AP News in Brief at 12:09 a.m. EDT

By The Associated Press

Aid effort picks up momentum as some Bahamians seek way out

ABACO, Bahamas (AP) — A few meagre possessions stuffed in plastic bags, some of the haggard Bahamians who lost homes to the ravages of Hurricane Dorian are waiting at a small airport hoping to catch planes out of the disaster zone as an international humanitarian effort to help the Caribbean country gains momentum and the death toll has risen to 30.

A few hundred people sat at the partly flooded Leonard M. Thompson airport on Abaco island Thursday as small planes picked up the most vulnerable survivors, including the sick and the elderly. The evacuation was slow and there was frustration for some who said they had nowhere to go after the Category 5 hurricane splintered whole neighbourhoods.

“They told us that the babies, the pregnant people and the elderly people were supposed to be first preference,” said Lukya Thompson, a 23-year-old bartender.

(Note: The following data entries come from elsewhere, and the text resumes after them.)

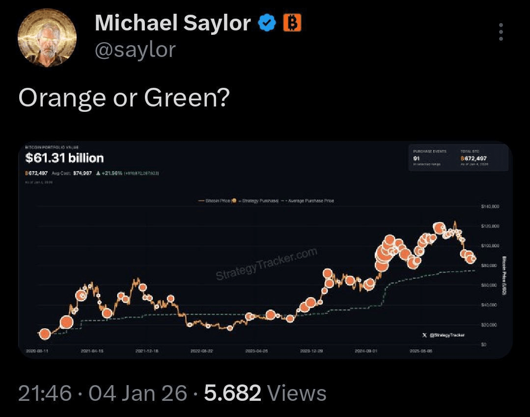 Ostatni pomarańczowy punkt Michaela Saylora ponownie pokazał jego zdolność do zmieniania zachowania rynku. Bitcoin przekroczył 91 000 dolarów kilka godzin po publikacji prezydenta Strategy, ożywiając spekulacje na temat strategii akumulacji MicroStrategy i jej wpływu na ogólne nastroje.
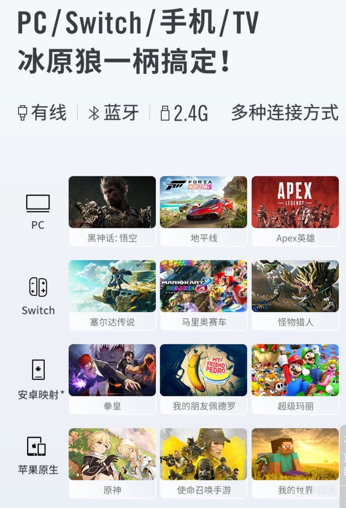 其他方面,在其他方面飞智冰原狼3配备了800mah电池,搭载六轴陀螺仪,支持体感映射,并且支持三模多平台连接,有趣的是这次还在安卓机上支持安卓映射,一些无法使用手柄游玩的游戏也可以通过映射来游玩了。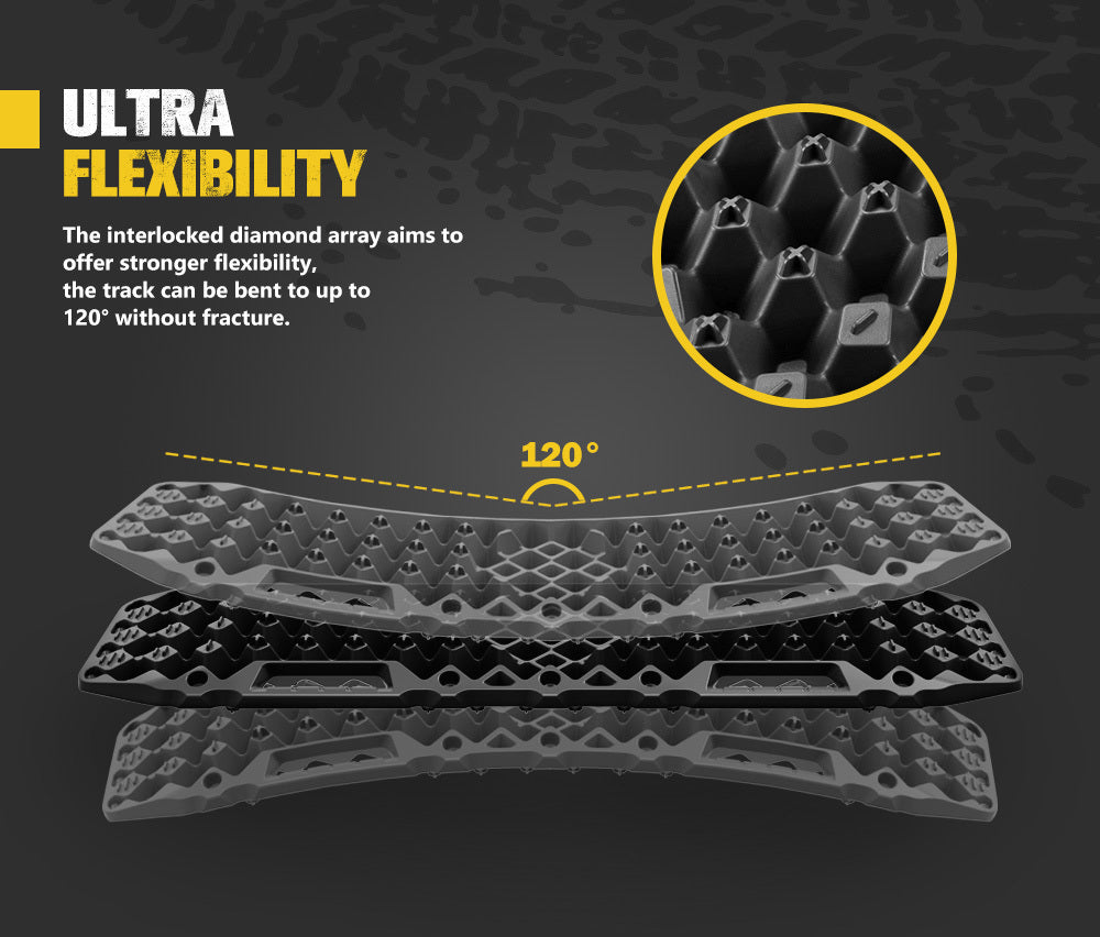Taking a 4x4 off-road presents the risk of getting stuck. When that happens few devices can match the efficacy of BUNKER INDUST recovery boards/recovery tracks. With a jack base aggressive teeth and wear-resistant properties the end goal of this offroad recovery track is to provide you with an unimpeded journey. Forget your old-fashioned recovery track this recovery board made from improved formula that offers excellent property in flexibility and resistance against UV aging and low temperature integrates an interlocked diamond array construction that makes a 120°bend without fracture a possibility! With 10 tons capacity it also has a jack base compatible with most farm jacks and ARB jack. The cross-shaped teeth are strengthened to avoid melting against drastic wheel spin and well positioned for added traction and bite. The offroad recovery track’s bottom not only inherits the same diamond array construction but also has the same function of the top for double capabilities.

But many were still waiting, she said.

Despite hardship and uncertainty, those at the airport were mostly calm. The Bahamian health ministry said helicopters and boats were on the way to help people in affected areas, though officials warned of delays because of severe flooding and limited access.

At least 30 people died in the hurricane and the number could be “significantly higher,” Bahamian health minister Duane Sands told The Associated Press in a telephone interview late Thursday. The victims are from Abaco and Grand Bahama islands and include some who died from injuries after being flown to New Providence island, he said.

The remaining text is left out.